Детектив поднял на него глаза.
— То есть мы с вами, получается, закончили? — Подниматься ему явно не хотелось.
— Послушайте, но я от вас действительно ничего не скрываю. — Священник поставил ногу на скамейку и уперся ладонью в колено. — Предположим, в поле зрения у меня действительно оказался бы такой тип. Конечно, вам я о своих подозрениях — так вот, не называя имени, — сообщать бы не стал, а вот рапорт на имя архиепископа, пожалуй, составил бы. Но в любом случае, я просто не встречал здесь человека, который мог бы вас заинтересовать.
— Ну ладно, — вздохнул детектив. — Собственно говоря, в то, что такое мог сделать священник, я не верил с самого начала. Да, я оставил машину там. — Он кивнул головой в сторону, и они пошли к стоянке. — Есть у меня подозреваемый на примете, — продолжал Киндерман, — но если бы я стал о нем рассказывать, вы бы просто сочли меня сумасшедшим. Не знаю, не знаю. — Он шел, покачивая головой. — Все эти клубы и культы, где культивируется презрение к человеческой жизни… Все это, знаете, наводит на странные мысли. Я думаю так: хочешь поспеть за временем — сдвигай себе мозги набекрень, и вперед!
Каррас кивнул.
— Что это у вас там на майке?
— Где? А… Я преподавал один год в Вудстокской семинарии, в штате Мэриленд. Ну и выступал за бейсбольную сборную младших курсов: она-то и называлась — “Философы”.
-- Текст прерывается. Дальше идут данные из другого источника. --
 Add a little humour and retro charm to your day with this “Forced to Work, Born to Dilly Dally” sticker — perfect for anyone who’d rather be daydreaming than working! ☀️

— А старшие курсы как себя называли?
— “Богословы”.
— Понятно. — Киндерман улыбнулся и покачал головой. — “Богословы — Философы: три — два”.
— Два — три.
— Ну да, как же иначе… Странно все это. Очень странно. Послушайте, святой отец. — Детектив заговорил вдруг очень вкрадчивым тоном. — Послушайте, доктор. Это что же получается — у нас в Дистрикт Коламбиа, и вдруг — культ дьяволопоклонников? С ума сойти. В наши дни? Сегодня?
— А что такого? — Каррас вздохнул.
— Значит, вы считаете, такое возможно.
— Считайте, что я вашего вопроса не понял.
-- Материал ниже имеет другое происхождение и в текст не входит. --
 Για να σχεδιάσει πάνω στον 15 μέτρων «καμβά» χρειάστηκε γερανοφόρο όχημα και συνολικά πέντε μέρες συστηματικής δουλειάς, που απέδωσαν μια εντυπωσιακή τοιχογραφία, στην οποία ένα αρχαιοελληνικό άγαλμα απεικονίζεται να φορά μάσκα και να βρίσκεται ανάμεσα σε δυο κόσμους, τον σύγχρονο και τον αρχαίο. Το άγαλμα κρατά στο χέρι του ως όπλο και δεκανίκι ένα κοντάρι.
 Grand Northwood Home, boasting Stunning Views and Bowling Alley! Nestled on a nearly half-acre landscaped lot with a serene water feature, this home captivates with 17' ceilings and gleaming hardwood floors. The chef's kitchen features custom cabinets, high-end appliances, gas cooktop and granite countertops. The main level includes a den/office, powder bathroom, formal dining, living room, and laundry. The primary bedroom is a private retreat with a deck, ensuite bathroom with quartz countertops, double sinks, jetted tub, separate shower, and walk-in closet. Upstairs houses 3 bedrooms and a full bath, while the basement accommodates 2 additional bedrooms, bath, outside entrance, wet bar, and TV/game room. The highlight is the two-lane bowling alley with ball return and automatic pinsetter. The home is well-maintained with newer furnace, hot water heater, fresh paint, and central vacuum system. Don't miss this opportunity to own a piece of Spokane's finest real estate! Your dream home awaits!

— В таком случае, считайте, что я — доктор, а вы — пациент, и я вам ставлю диагноз. — Детектив рассек воздух указательным пальцем. — “Нет” вы мне не сказали: опять предпочли схитрить. Почему? А потому что боитесь, святой отец. Чего — я вам скажу: боитесь показаться этаким доверчивым простачком пред светлым ликом рационалиста Киндермана, героя нашего времени; островком суеверия в луже местного практицизма. Что, скажете, я не прав?
— Тонко подмечено. — Иезуит взглянул на собеседника изумленно и с каким-то новым оттенком искреннего уважения.
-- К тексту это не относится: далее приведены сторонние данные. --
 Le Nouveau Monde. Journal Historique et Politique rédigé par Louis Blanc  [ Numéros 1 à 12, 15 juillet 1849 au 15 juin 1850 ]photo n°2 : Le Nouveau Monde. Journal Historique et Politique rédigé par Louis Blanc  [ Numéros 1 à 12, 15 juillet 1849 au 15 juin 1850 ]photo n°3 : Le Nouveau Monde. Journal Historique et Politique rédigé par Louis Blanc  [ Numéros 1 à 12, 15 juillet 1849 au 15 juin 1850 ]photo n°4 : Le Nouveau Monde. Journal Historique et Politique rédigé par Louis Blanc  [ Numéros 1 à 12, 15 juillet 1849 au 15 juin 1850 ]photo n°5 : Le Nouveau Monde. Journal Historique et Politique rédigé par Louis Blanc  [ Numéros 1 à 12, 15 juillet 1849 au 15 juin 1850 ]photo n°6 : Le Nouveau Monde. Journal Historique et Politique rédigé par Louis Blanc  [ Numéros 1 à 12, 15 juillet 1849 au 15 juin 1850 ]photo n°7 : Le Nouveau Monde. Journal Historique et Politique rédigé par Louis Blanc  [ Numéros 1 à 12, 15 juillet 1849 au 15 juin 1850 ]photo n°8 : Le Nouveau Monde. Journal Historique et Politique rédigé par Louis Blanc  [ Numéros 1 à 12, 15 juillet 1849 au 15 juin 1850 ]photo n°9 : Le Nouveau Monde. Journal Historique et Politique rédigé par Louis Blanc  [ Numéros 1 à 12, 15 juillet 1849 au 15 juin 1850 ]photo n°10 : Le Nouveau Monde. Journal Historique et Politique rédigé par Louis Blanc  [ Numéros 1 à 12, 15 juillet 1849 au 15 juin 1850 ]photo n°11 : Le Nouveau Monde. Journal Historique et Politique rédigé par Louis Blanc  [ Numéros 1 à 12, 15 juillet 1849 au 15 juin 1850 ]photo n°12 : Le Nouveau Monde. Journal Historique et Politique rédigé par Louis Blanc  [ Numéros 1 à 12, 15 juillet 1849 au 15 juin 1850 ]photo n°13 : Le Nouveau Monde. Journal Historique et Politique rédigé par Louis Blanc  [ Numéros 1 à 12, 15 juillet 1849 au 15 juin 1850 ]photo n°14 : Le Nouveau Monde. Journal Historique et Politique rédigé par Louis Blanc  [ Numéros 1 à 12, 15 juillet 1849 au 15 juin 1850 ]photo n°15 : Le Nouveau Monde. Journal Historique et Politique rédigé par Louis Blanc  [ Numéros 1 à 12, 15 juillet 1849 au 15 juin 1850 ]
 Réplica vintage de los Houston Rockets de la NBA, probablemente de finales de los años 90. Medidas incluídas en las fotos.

— Прекрасно. Тогда позволю себе повторить вопрос: возможно ли, чтобы в наше время в Вашингтоне завелась община сатанистов?
— Конечно, точно я этого знать не могу, — ответил Каррас, задумчиво скрестив на груди руки, — но говорят, кое-где в Европе черные мессы — не такая уж редкость.
— И это в наши дни?
— В наши дни.
— И они проводятся так же, как раньше? Я читал об этом: секс, статуи и еще Бог весть что. Не хотелось бы своими вопросами портить вам настроение, но все же, скажите: они по-прежнему этим занимаются?
— Этого я не знаю.
— Ну хотя бы личным мнением своим поделитесь, отец Неприступность.
— Ну хорошо, — усмехнулся иезуит. — Да, я думаю — подозреваю, во всяком случае, — что такие вещи происходят на самом деле. С другой стороны, по-моему, за ними ровно ничего не кроется, кроме банальнейшей патологии. Черная месса — явление реальное, в этом не может быть сомнений; но участвовать в ней способен лишь тот, у кого с реальностью этой сложились весьма своеобразные отношения — другими словами, психически тяжело больной человек. В медицине существует и специальный термин, описывающий такое состояние: сатанизм — неспособность достичь полового удовлетворения обычным способом, без совершения каких-либо богохульных действий. Болезнь эта достаточно распространена и в наши дни, а черная месса для нее — всего лишь маскировка, прикрытие.
— Простите меня опять-таки, но — все эти проделки со статуями Иисуса, Марии?..
— И что?
— Вы хотите сказать, это тоже правда?
— Вот, например, случай, который вас как полицейского может заинтересовать. — Каррас заметно оживился; похоже, Киндерману удалось-таки задеть в нем какую-то ученую жилку. — В архивах парижской полиции все еще хранится, должно быть, документ о происшествии с двумя монахами из монастыря… кажется в Крепи, точно не помню. Так вот, эти двое зашли в местную гостиницу и с очень воинственным видом стали требовать себе номер с трехместной кроватью. “Третьего” они несли с собой: это была статуя Богоматери в натуральную величину.